In many ways Henry the Human Fly was a very good record. I have always sworn that if I could go back and get the multi-track – which I can’t – I’d redo the vocals. The vocals are very, very poor. But it’s an interesting record. It’s got some great textures on it.

Richard Thompson and Bonnie Raitt perform "Dimming of the Day"

Last year you played with Yusuf/ Cat Stevens on his new album. How was that?

I’ve known Yusuf a long time. I knew his dad before I knew him. I used to eat in his dad’s restaurant in the West End. And I’ve probably known Yusuf since the Sixties. Not well. There’ve been years when I haven’t seen him. He’s a sweet man and I like him, and I think he’s a great musician.

Did you connect on a religious level [both artists are Muslim] or was that just incidental?

I think it’s a real connection. It’s something we talk about and appreciate about each other. Also, of course, there were about 15 other people on the record who weren’t particularly religious. I’m actually happy to see him back a bit more to the middle and to see himself as a musician. Because he is – it’s hard to deny that in yourself.

When I last saw Fairport Convention they seemed to be having an incredible laugh. Do you ever miss all the camaraderie?

I miss Fairport! I miss the guys in the band. In the latter stages of my tenure, it was a very sociable band. We got on very well together – some drinking was involved!

And it was a fun repertoire. There were serious songs as well, but the fact you could lighten the repertoire with these medleys of dance tunes was a huge lift for the audience. You could do a pretty serious ballad and then go into jigs and reels and change the mood very quickly.

Back then you were notoriously shy, do you still feel shy without a guitar? Do you think you could cope if you were told you couldn’t strap one on for six months?

I am not as shy as I used to be. Being on stage has done me a lot of good actually. So I can look people in the eye. I can stand at the front of the stage as opposed to the back. If I took six months off, I would miss the transaction with the audience. That’s the best part of being a musician – playing live, playing to people and you feel something has been communicated to the audience. Some transformation takes place. Music can be very magical stuff.

You’ve been wearing a hat and a beard for a long time – do you think there’s room for another look?

I hope so! I’m working on something quite different.

You’re touring here in September. Are you going to be able to stay and enjoy the Ashes [RT is a well-known cricket fan], or does LA beckon?

I’m going to miss most of the Ashes unfortunately. I’ve got festivals in Canada and stuff, so I will have to tune in online. I used to play a bit, in fact I still theoretically do. I’m going to miss this season, but I just bought a new bat so I must be feeling optimistic about my cricketing future.

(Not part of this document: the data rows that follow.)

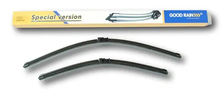 Nowe wycieraczki ;  zapakowane woryginalne opakowanie producenta. Cena zakupu dotyczy 1kompletu (stronakierowcy i pasażera).Wycieraczki Good Rain na przednią szybęsamochodu posiadają  konstrukcję bezprzegubową. Guma w wycieraczkachpokryta jest specjalną powłoką, dzięki, której szyba jest bardzo dobrzeczyszczona. Na całej długości wycieraczki znajduje się spojler, któregozadaniem jest dociskanie jej do powierzchni szyby, nawet przy dużychprędkościach. Duży wpływ na dobre przyleganie wycieraczek do szyby samochodu marównież zastosowana w ich konstrukcji specjalna prowadnica, dzięki, której siłanacisku jest  regularnie rozłożona na całej długości pióra wycieraczki. Stałynadzór nad  procesem  produkcji oraz wysokiej jakości produkty użytedo ich wykonania sprawiają , że wycieraczki te, profesjonalnie spisują się wkażdych warunkach atmosferycznych.   Zalety wycieraczek Good Rain:- bardzo łatwy montażna ramiona- wysoka jakość za przystępną cenę- skuteczne wycieranie szyby- zmniejszenie szumu powietrza poprzez bardziejopływowy kształt- zaawansowana technologia i nowoczesnywyglądJak dbać o wycieraczki:- pamiętaj, aby dbać o gumę wycieraczkiusuwając z niej brud, owady itp., które osiadły podczas jej pracy (wykorzystaćmożna do tego łagodny detergent); zapominanie o usuwaniu zanieczyszczeń, możedoprowadzić do uszkodzenia gumy wycieraczki- nigdy nie używaj wycieraczek, gdyszyba jest sucha;  tarcie gumy po suchej szybie może doprowadzić doszybkiego jej zużycia- jeżeli wycieraczka na szybiepodskakuje, może to być oznaką, że ramię wycieraczki jest skrzywione; w takimprzypadku należy dokonać jego regulacji- jeżeli planujesz pozostawieniesamochodu  na słońcu przez kilka dni, ustaw wycieraczki tak, aby niestykały się z szybą- po wizycie na myjni, pamiętaj, abyzawsze dokładnie oczyścić szybę, ponieważ znajdujący się na niej wosk, możepowodować przeskakiwanie wycieraczki- pamiętaj również,aby nie uruchamiać wycieraczek  na zamarzniętej szybie; może to bowiemdoprowadzić do ich uszkodzenia lub oderwania gumy od mocowania.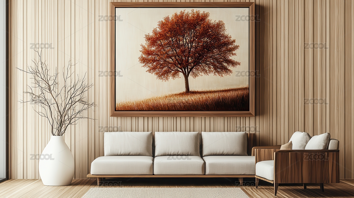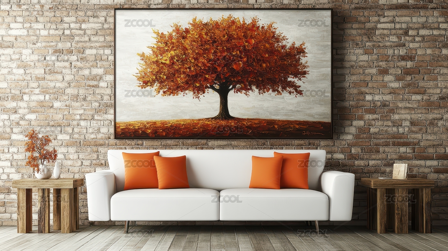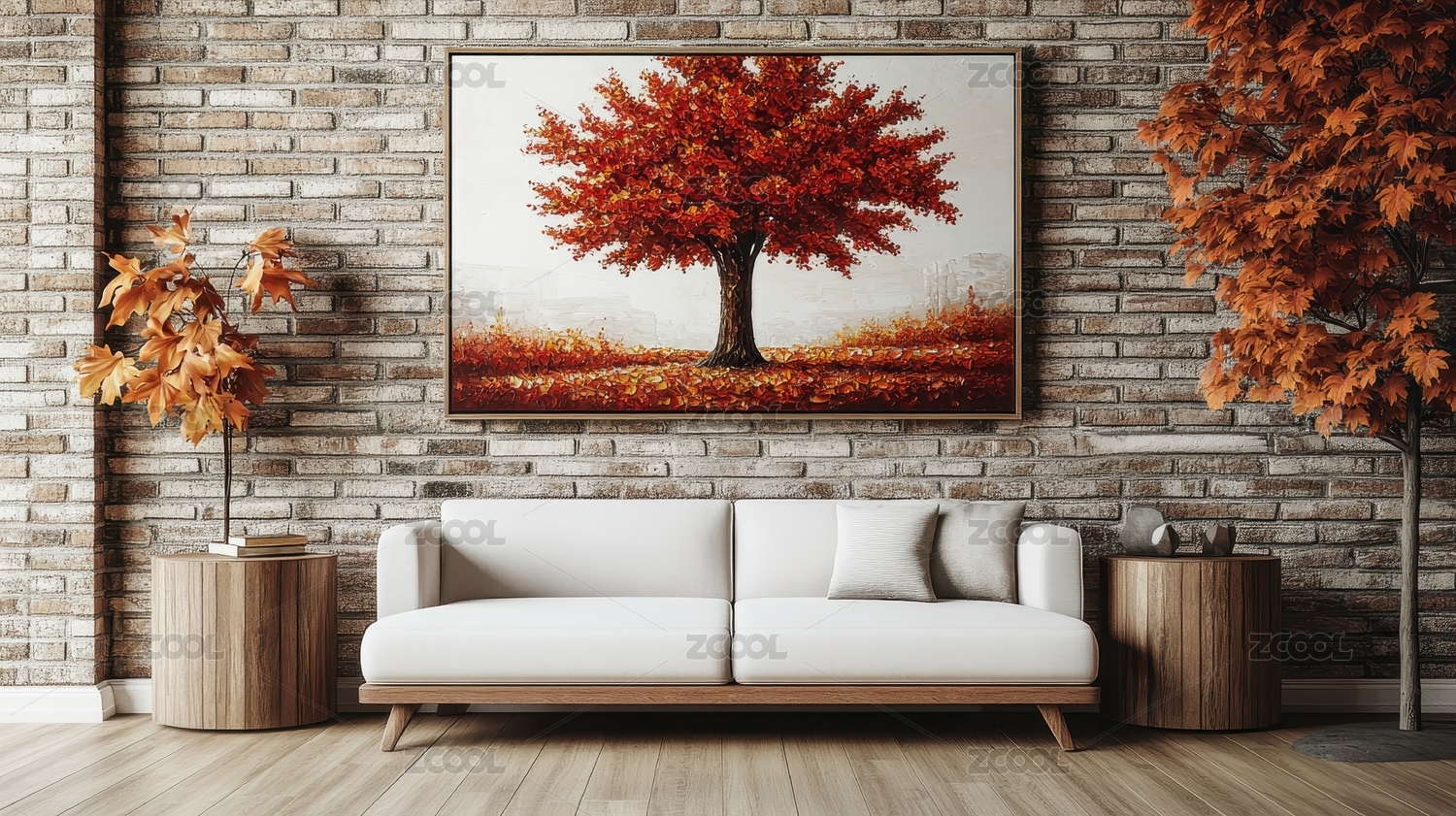 客厅,沙发,装饰画,秋叶,温馨,舒适,家居,自然,宁静,室内设计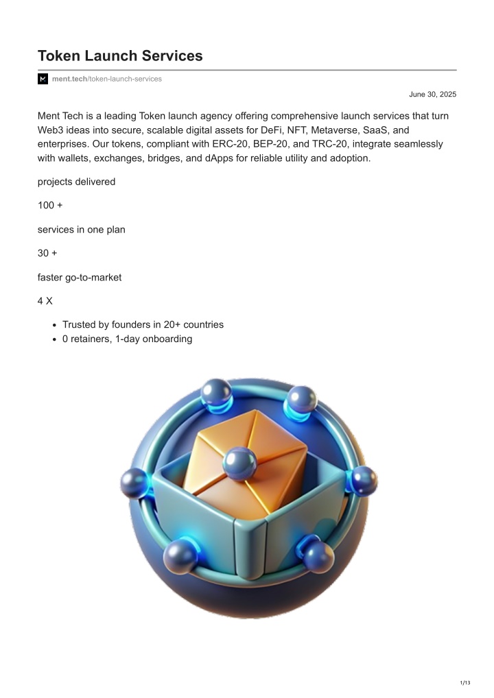 Token Launch Services ment.tech/token-launch-services June 30, 2025 Ment Tech is a leading Token launch agency offering comprehensive launch services that turn Web3 ideas into secure, scalable digital assets for DeFi, NFT, Metaverse, SaaS, and enterprises. Our tokens, compliant with ERC-20, BEP-20, and TRC-20, integrate seamlessly with wallets, exchanges, bridges, and dApps for reliable utility and adoption. projects delivered 100 + services in one plan 30 + faster go-to-market 4 X Trusted by founders in 20+ countries 0 retainers, 1-day onboarding 1/13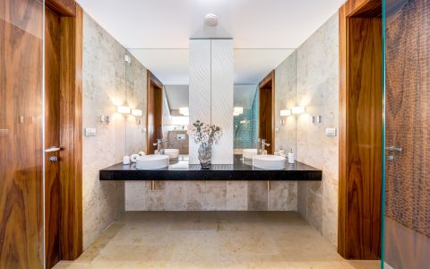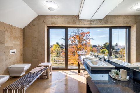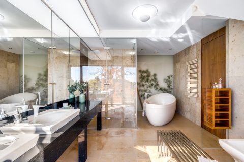 A szülői lakrész külön univerzum: kétoldali gardrób, privát terasz és szobaméretű, panorámás fürdő, ahol kő, fény és víz időtlen egységet alkot.

Usually I’m over here for about six weeks in the summer, but this time I’m touring in September so I’m doing North American festivals. But being away does give me some perspective on England.

And living in LA also enables me to put lot of things in place. LA doesn’t impose itself on you. If I lived in New Orleans I’d have to embrace the culture because it’s so great. But LA doesn’t really have culture. And, of course, if I miss England, I have my laptop so I can always get the Guardian and Radio 4!